Between 1993 and 1994, the group began to address four distinct segments: personal buyer, small and medium enterprises, first-time users (FTU) and small office home office (SOHO). By 1996, the HCL group had notched a turnover of Rs 1,000 crore, galloping to become the top IT group in the country last year, posting a turnover of Rs 2,400 crore and growing at a hefty 43 per cent over the previous year.
Dang says that post liberalisation, realities have made the group refocus once again from being "product-centric to India-centric and then as a truly transnational corporation." Its international business trebled from Rs 38 crore in 1996 to Rs 989 crore in 1998.
Now the group is upscaling its existing competencies. Traditional strength of selling in the box area is now moving to designing boxes. "The idea is to leverage our strong solutions-driven application expertise to tailor-made customers by providing boxes with a difference," Dang says.
Hardware design business is being flogged outside India and is becoming a "rewarding business." Again, the success is due to offering expertise developed in application areas outside the country. Lastly, the group is pushing hard to gain a foothold overseas by processing projects fast.
The new strategy revolves around well-defined approaches. According to Dang, these would include opening investment offices at multiple locations, setting up offices for local customers to provide a degree of comfort to customers, move on to time and material business to provide value addition in services and skills instead of just bodyshopping and, lastly, ensure faster growth into offshore operations which will help build up its outsourcing techniques.
"We would like to replicate this process very fast for both the customers' front and back-up front by establishing software development centres," Dang explains.
The group is also moving fast to set up a global network of channels by forging strategic partnerships and joint ventures. Its recent joint ventures with James Martin & Co of the US, Delux Corporation of US and CSK Corporation of Japan will provide the group with technological leadership in India even while it gets market access in the US and Japan for its services.
Dang says the 50:50 joint venture with CSK Corporation would give HCL access to the Japanese market and CSK access to India, Asia and the US market.
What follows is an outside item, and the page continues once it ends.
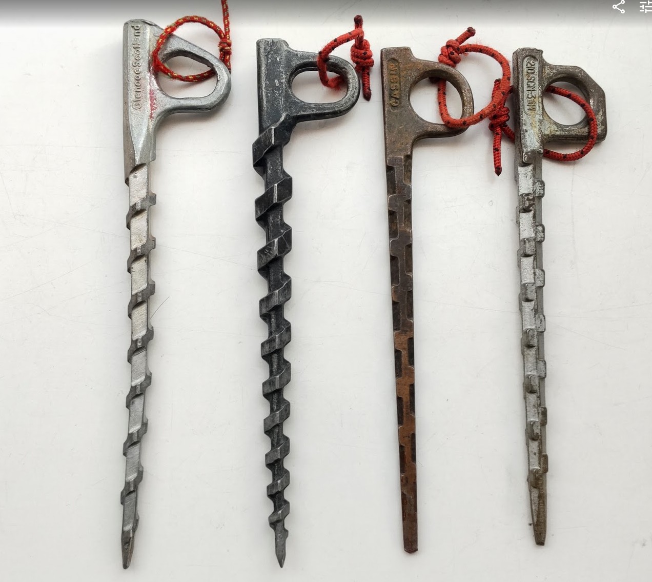 通称イボイボハーケン、つまりワートホッグ、ワーティとか呼ばれるハーケンだが実は使ったことはない。私がアルパインクライミングにのめりこんでいた時期には存在していなかった。当時あったのは平型ハーケン、コの字ハーケン。草付きにはそれらを使っていたが、今あるイボイボほどの確実性はなかったように記憶している。今回メルカリで探してみるとメーカーはサレワ、カシン、モチヅキ、glencoe Scotlandと四種類四本とバラエティに富んだ出品だ。しかし、重量は125~140gとかなり重い。四本も腰にぶら下げたら1kgになってしまう。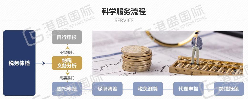 港盛国际可提供全方位的税务专业服务,为您的税务申报与缴纳业务提供一条龙的咨询和办理服务。保证申报的准确性、合规性,谋求合规前提下的最大节税效果,并有效防范逃税漏税及潜在法税风险。

Deluxe Corporation would be able to access the Japanese market via HCL. Working with James Martin will have the advantage of synergy for all. "We do not have to start from scratch in these markets, we can telescope the time-frame required for advanced technological work into much shorter durations than otherwise possible," Dang asserts.
Although the Indian IT market has seen a slowdown during the last two years and this year too, Dang feels that HCL would be able to maintain its growth rate of around 40 per cent to 50 per cent. But it would necessarily have to restrategise in the next three months to forge ahead and cash in on emerging opportunities. It aims to scout about for more acquisitions overseas which will provide a global resource base as well as technology and market channels. It will use Y2K as an entry strategy into overseas territories but will limit it to under 20 per cent of its business.